Exploring and annotating datasets - digitalmethodsinitiative/4cat GitHub Wiki

4CAT’s Explorer lets you browse and annotate datasets in a way that closely resembles the original platform the data came from. For example, tweets are rendered as interactive HTML cards—with images, names, clickable links, and retweet metrics—making them far more readable than plain rows in Excel.

To open the Explorer, click the Explore & annotate button on your dataset’s page.

Admin note: Explorer settings can be adjusted via Control panel → Settings → Explorer.

By default, the Explorer displays the first few items in your dataset. You can re-order the view using the dropdown to sort by any field. The example below shows BlueSky posts mentioning "4CAT".

Not all data sources have Explorer templates; check this folder for supported data sources. If no template is present, a generic template is used, which shows the id, thread_id, timestamp, author, subject, body, and image fields of uploaded items.

Anonymisation

When a dataset is anonymised, the Explorer will only display anonymised items and will remove links to the original posts. This supports ethical research practices while preserving valuable contextual information. See the image above.

Note: Some fields may still contain personal data—review carefully before sharing or publishing.

Annotations

Annotations are pieces of additional data added to an existing dataset. For example, you might add an extracted_url annotation to BlueSky posts. In essence, annotations let you enrich and label your data, whether with informal field notes or structured categories.

Annotation fields are included when downloading a dataset and can also be used as inputs for various processors, making them a useful starting point for deeper analysis.

In 4CAT, annotations can be generated manually and through processors:

Manual annotations

Annotations can be made by yourself in the Explorer. You first need to create an annotation field. On the top of the Explorer page, click Edit fields to add, change, and delete annotation fields.

Click New field to add a new annotation field. Give it a Label via the left-most text box. The dropdown then lets you choose the type of manual annotation. The following types are currently supported:

  • Text: a simple text input.
  • Text (large): a larger text input.
  • Single choice: a dropdown menu that lets you select one option.
  • Multiple choice: checkboxes where you can select multiple options.

Clicking Update fields will apply your changes to the page. You can then start annotating:

The Show annotations toggle lets you show or hide annotations for all items in the Explorer. You can also hide specific fields using the eye icon in the fields editor. This is especially helpful during intercoder reliability checks, where maintaining coder independence is important.

Manual annotations save automatically after you edited them, and you can use the Save annotations button on the top of the page to be sure. Annotations can be made simultaneously by different users, but new changes will override old ones.

Processor-made annotations

Some processors can automatically generate annotations.

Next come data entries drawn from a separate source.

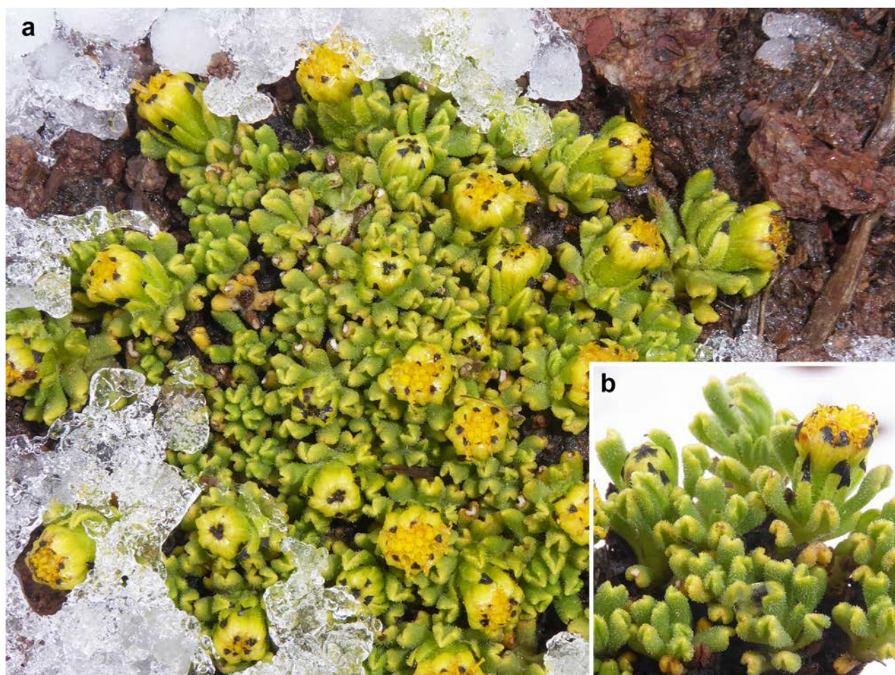
Fig. 3. Senecio moqueguensis Montesinos: a , habit; b , detail of the leaves [Pictures by J. Calvo at Toro Mount (Oruro, Bolivia)].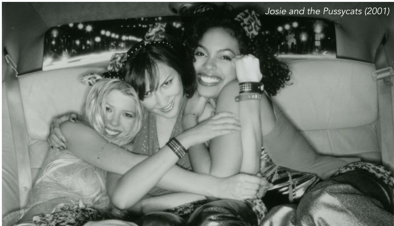
Josie and the Pussycats (2001)

The festival also featured a Growing Pains Movie Marathon, with timeless classics like Boy , Josie and the Pussycats , Love & Basketball , Step Up , and My Own Private Idaho .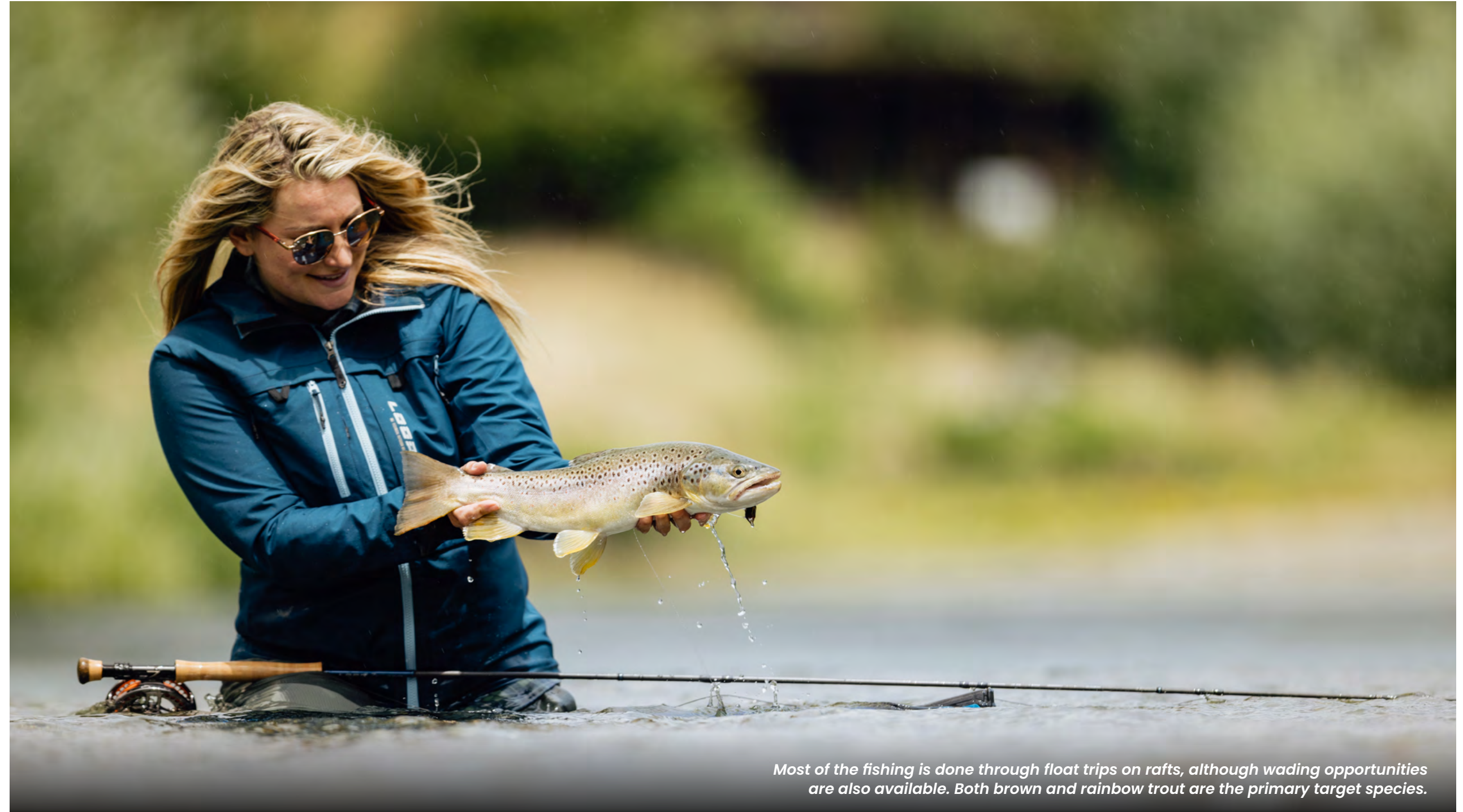
Most of the fishing is done through float trips on rafts, although wading opportunities are also available. Both brown and rainbow trout are the primary target species.

Beyond classic dry fly fishing, the range of techniques keeps each day dynamic. Terrestrial patterns—grasshoppers, beetles, and other land-based insects—become especially important in late summer, often drawing aggressive takes from larger fish. Subsurface methods also play a key role, with nymphs, streamers, and sinking lines used to probe deeper runs, structure, and seams where bigger trout tend to hold. On smaller streams, hopper-dropper rigs offer a productive and visual approach, while the main river rewards a more deliberate strategy, combining drifting and wading to cover prime water. Sight fishing is often part of the experience, with fish visible in the river’s remarkably clear currents.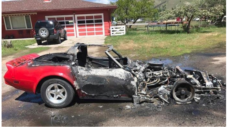
http://www.corvetteblogger.com/2017/05/22/accident-a-ruptured-fuel-line-causedthis-c3-corvettes-engine-fire/ - Photo credit: kpax.com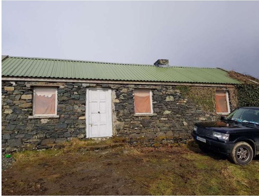
Figure 3 - Original window opes with stone removed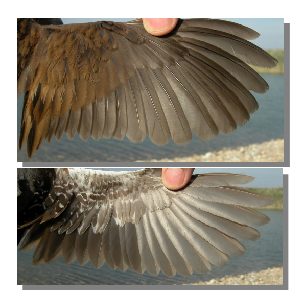
Water Rail. Spring. Adult: pattern of wing (06-VI).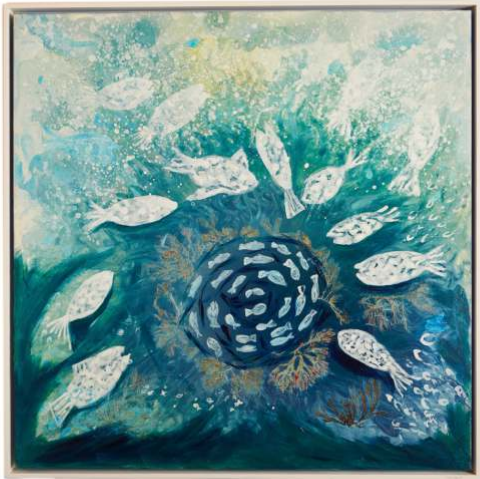
Fish Spray & Fish at Play - mixed media on Canvas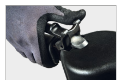
Ergonomic trigger lock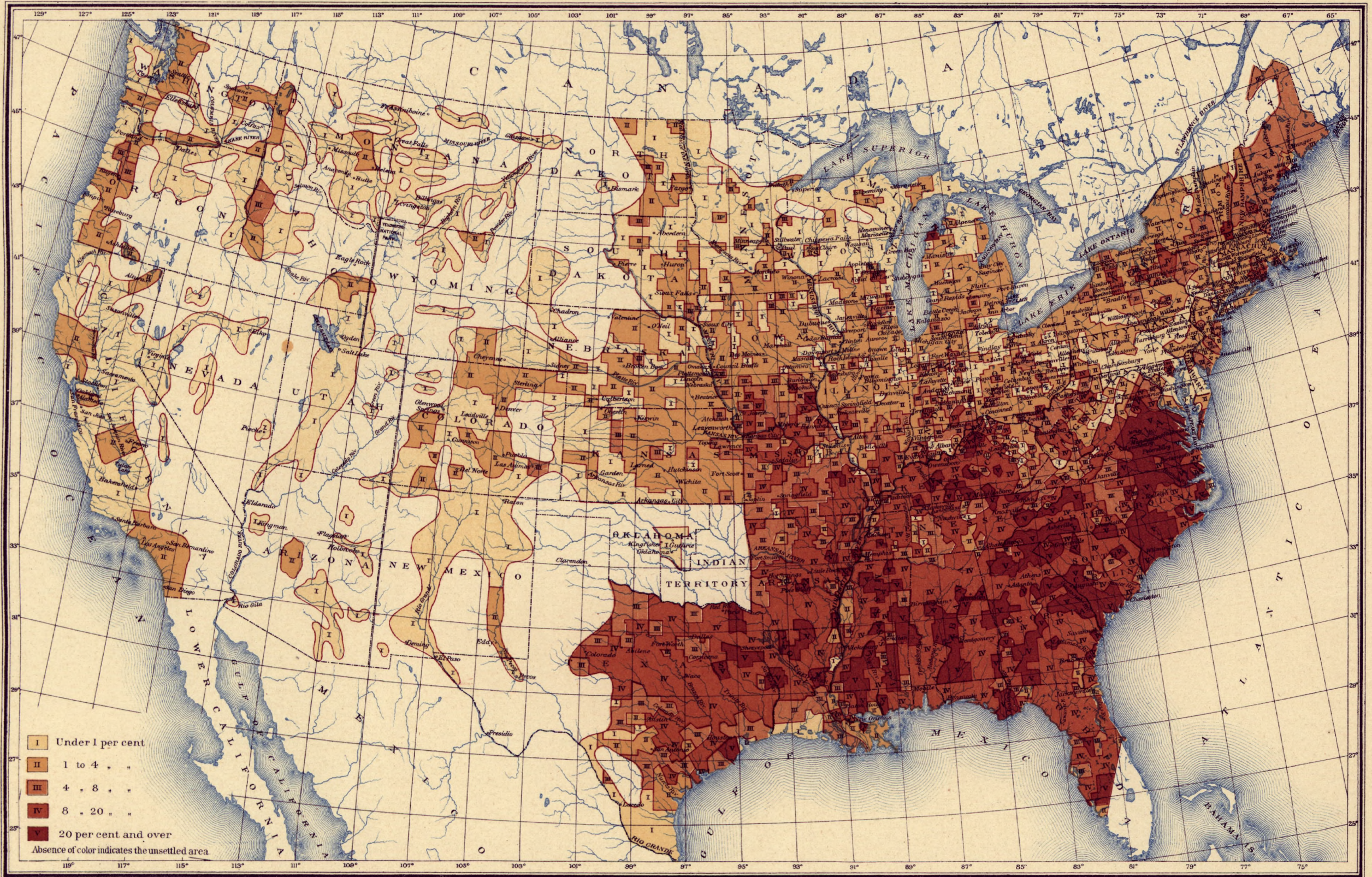
158. PROPORTION OF THE LUTHERANS TO THE AGGREGATE POPULATION : 1890.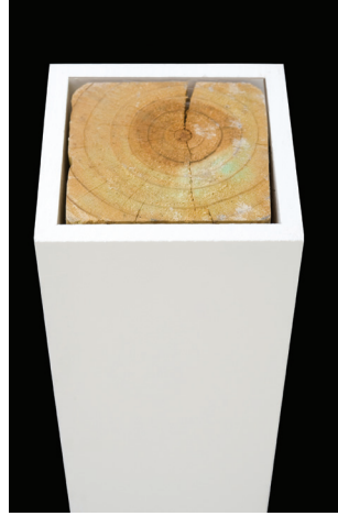
KLEERWrap POST WRAP Available in a variety of sizes. See chart above.

*Refer to the Kleer Lumber Limited Lifetime Warranty for details.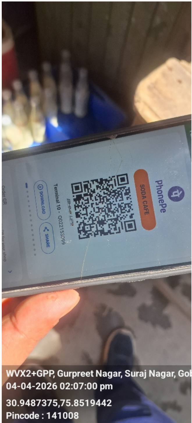
Photo with UPI Scanner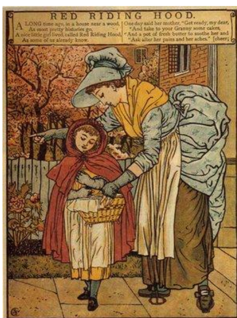
Figure 5. Warning from the Mother (Crane 2007b)

While only the formal qualities of the illustrative tradition seem to interest Smith, by alluding to the form, also the narrative content of this tradition is invoked. Zipes (1983-84: 84) explains that the meeting in the woods (see Figure 4. ) and the bedroom encounter ( Figure 3. on page 52) are two of the most frequently reproduced scenes from the tale. Besides the mutual gazing of the two characters, that implies a shared proximity, another interesting feature is the ample wolf, which completely overpowers the diminutive girl; an asymmetry that Smith breaks for instance in Born by reducing the wolf to its natural size and by making the two female characters exchange gazes instead. A third commonly reproduced theme from the Grimm version takes a moral standpoint, warning against disobedience (Zipes 1983-84: 84). This is beautifully rendered in Crane's illustration of Little Red Riding Hood with her basket and her mother pointing her index finger as to indicate the right path and already scolding the little girl with the lowered respectful gaze for misbehaving in Figure 5.

For instance, most LLM-based processors can add annotations directly to the parent dataset.

These machine-generated annotations work just like human-created ones: you can view them in the Explorer, sort items based on their values, or use them as input for further processors.

If a processor can generate annotations, it will look as follows:

Some processors can generate multiple annotations:

When the processor is ran, the annotations will show up in the Explorer. This is an example of a BlueSky post being annotated with the Extract URLs processor:

This can get quite elaborate with various post-processors. Below you for instance see a TikTok dataset annotated with audio transcripts, possible through running the processors Download TikTok videos -> Extract audio from videos -> Audio to text.

These processor-made annotations can then form the input for manual coding, or other processors. Why not run text analysis processors on the audio transcripts from TikTok videos?